Life jacket a must these days
Although the calendar says spring is already more than a week old, our recent spell of cold weather and snow showers indicates that winter intends to go away grudgingly this year.
But spring weather will get here eventually and bring with it some great days of early-season fishing. Trout season opened last Saturday in 18 counties in the southeastern corner of Pennsylvania, while the first day of trout season for the remainder of the state will be next Saturday.
Anglers or anyone else who will be on the water during the next month in a small boat, canoe or kayak needs to be aware that a new law now requires “a person shall wear a Coast Guard approved personal flotation device, or life jacket, during the cold weather months from Nov. 1 through April 30 while underway or at anchor on boats less than 16 feet in length or any canoe or kayak.”
It has always been mandatory to have a life jacket on board for every person on any watercraft, so to be in compliance with this new regulation, boaters merely need to wear one while on the water from the late fall through the early spring months.

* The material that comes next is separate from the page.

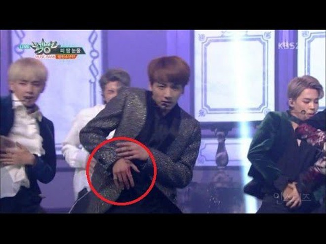 Jungkook tuy là thành viên nhỏ tuổi nhất BTS nhưng bản lĩnh sân khấu và thái độ chuyên nghiệp của anh chẳng thua kém ai. Trong một lần biểu diễn ca khúc "Blood, Sweat & Tears", tay của Jungkook chẳng may bị thương, chảy máu đầm đìa đến mức có thể nhìn thấy qua màn hình. Thế nhưng nam idol không hề để ý tới vết thương của mình, anh vẫn giữ biểu cảm bình tĩnh, trình diễn hết mình cho đến những phút cuối cùng.

Going overboard in cold water always has the potential to be a life-threatening situation.
I speak from experience on that as wearing a life jacket saved my life when I took an unexpected spill into chilly water several years ago. Before your first trip on the water this spring, make sure your life jacket fits well and is comfortable enough to wear for several hours; if not, get one that is suitable.
And if the lifesaving factor isn’t sufficient motivation, wearing one as required could save you from receiving a costly fine for not doing so.

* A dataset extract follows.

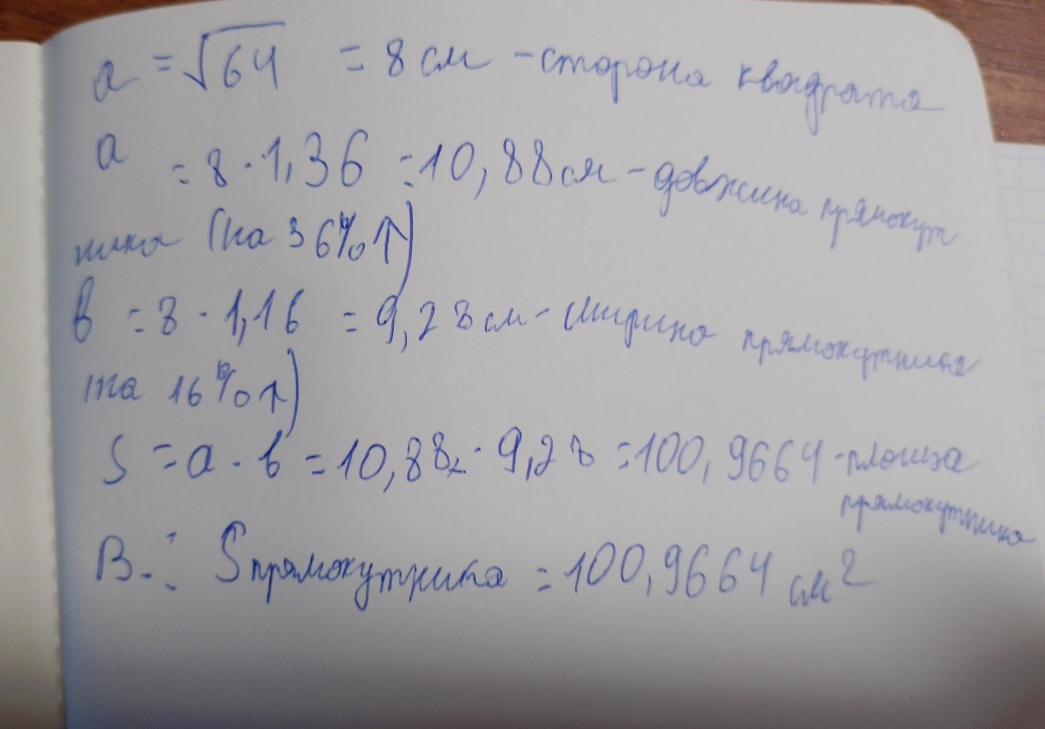 Обчислити площу прямокутника, довжина якого на 36% більша, а ширина на 16% більша, ніж сторона квадрата, площа якого дорівнює 64см2

On March 21, the Pennsylvania Fish and Boat Commission announced that Colyer Lake in Centre County would be completely drained because of structural deficiencies with its dam and spillway.
This 77-acre reservoir located in Potter Township had been partially drawn down by approximately 10 feet since 2003. The lake is scheduled to be drained at a rate of about two feet per week and may take up to three months to complete. PFBC biologists plan to remove and relocate as many fish as possible from this popular fishing spot. Fishing will be permitted during the drawdown as long as conditions there are safe.
Unfortunately, Colyer Lake is just one of many small manmade impoundments that have been drained in recent years due to safety concerns regarding their aging dams and spillways. Back in February, the PFBC announced a similar fate for 204-acre Meadow Grounds Lake on State Game Lands 53 in Ayr Township, Fulton County.
The PFBC leases the dam and lake areas there from the Pennsylvania Game Commission. Losing these small lakes and reservoirs is regrettable because of all the fishing, boating and other worthwhile outdoor recreation they provide.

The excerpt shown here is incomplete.